15. The non-transitory computer-readable medium of claim 14, wherein the trampoline code template is installed in the operating system kernel at compile time.

16. The non-transitory computer-readable medium of claim 14, wherein the learning mode is operative in response to an epoch event that occurs once every sixty seconds.

17. The non-transitory computer-readable medium of claim 14, wherein the update mode is operative in response to an epoch event that occurs once every second.

18. The non-transitory computer-readable medium of claim 14, wherein the trampoline code has fallback code which allows the trampoline code to operate as an indirect call.

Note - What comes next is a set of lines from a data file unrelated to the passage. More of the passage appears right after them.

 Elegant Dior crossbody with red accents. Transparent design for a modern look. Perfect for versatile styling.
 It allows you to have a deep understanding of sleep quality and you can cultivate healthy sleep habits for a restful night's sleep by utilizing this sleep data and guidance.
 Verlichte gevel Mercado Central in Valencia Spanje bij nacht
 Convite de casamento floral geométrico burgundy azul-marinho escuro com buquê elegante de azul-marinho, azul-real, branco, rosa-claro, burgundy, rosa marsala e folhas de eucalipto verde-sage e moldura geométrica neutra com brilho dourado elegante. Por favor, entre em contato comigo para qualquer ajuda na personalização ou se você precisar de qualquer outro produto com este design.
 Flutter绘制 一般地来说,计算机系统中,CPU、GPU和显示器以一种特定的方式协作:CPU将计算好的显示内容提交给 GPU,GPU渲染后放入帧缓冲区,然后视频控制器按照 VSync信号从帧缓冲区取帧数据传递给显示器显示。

19. The non-transitory computer-readable medium of claim 14, wherein the trampoline code has fallback code which allows the trampoline code to operate as a retpoline, which is a return trampoline that prevents speculative execution until the destination branch address of the indirect call is determined.

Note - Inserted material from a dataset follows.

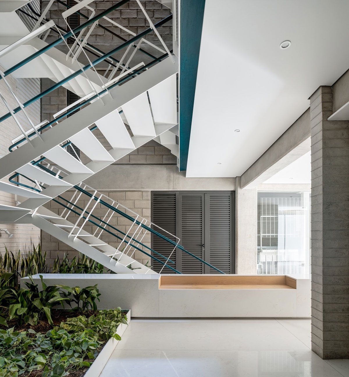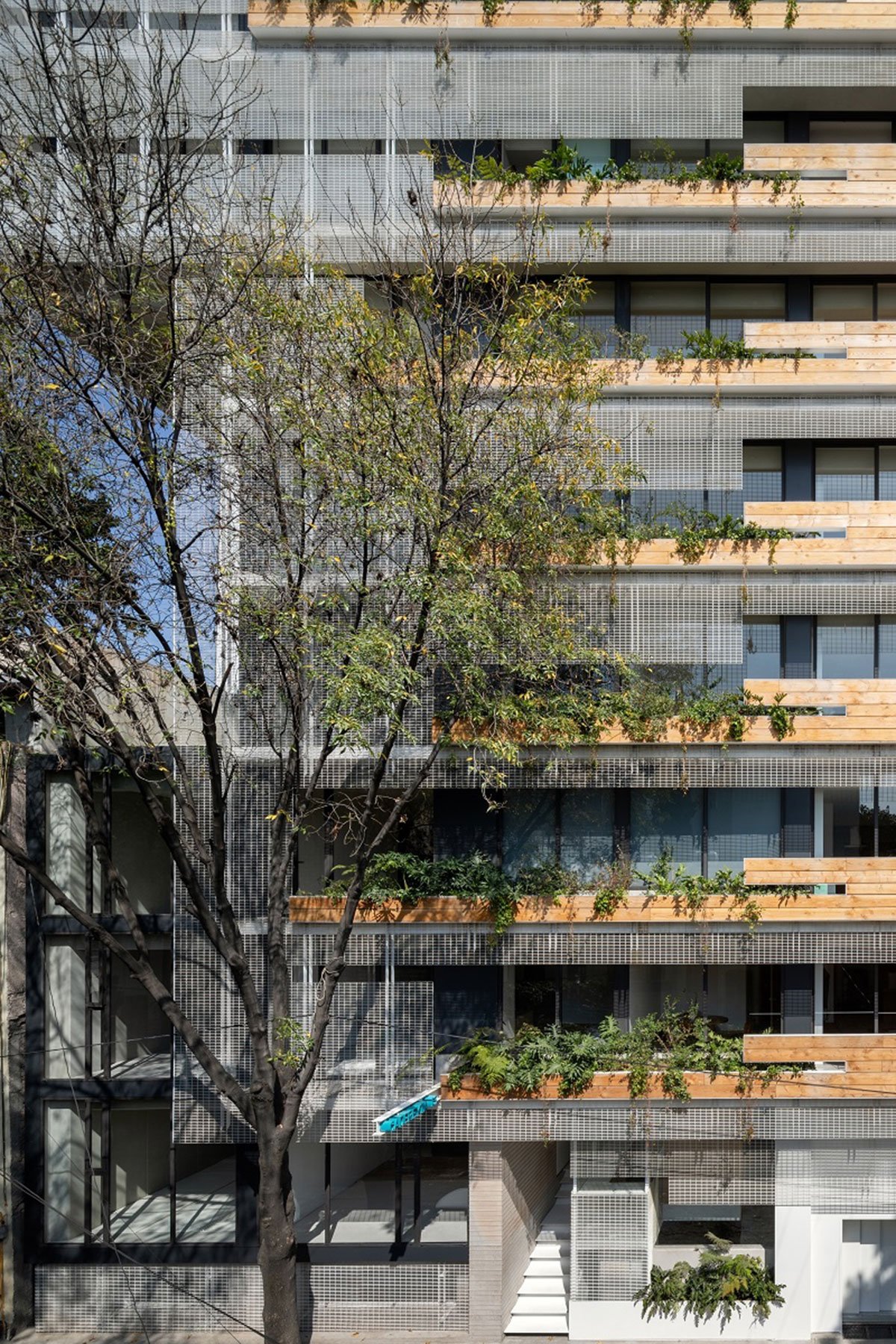 The façade is composed by balconies and terraces with plants–in pots that are integrated to the structure, an Irving wrought iron screen, and sober framings. The facade coexists with its surroundings and the trees that face the street. The vegetation of the city intertwines with that sprouting from the building creating a harmonious experience with the outside, both for the user and the building.

20. The non-transitory computer-readable medium of claim 14, wherein the trampoline code has an expansion mode which allows the trampoline code to access a list of destination branch addresses as possible branch addresses.

Description

BRIEF DESCRIPTION OF THE DRAWINGS

(1) FIG. 1A depicts an example system whose CPUs may have these vulnerabilities.

(2) FIG. 1B depicts the architecture of the CPUs in more detail.

(3) FIG. 2 depicts a flow of operations for a call to a retpoline.

(4) FIG. 3 depicts a flow of operations for indirect call promotion.

(5) FIG. 4A depicts a flow of operations for inline jump switch (IJS), in an embodiment.

(6) FIG. 4B depicts the target(mode) function, in an embodiment.

(7) FIG. 5 depicts a flow of operations for an outline jump switch (OJS), in an embodiment.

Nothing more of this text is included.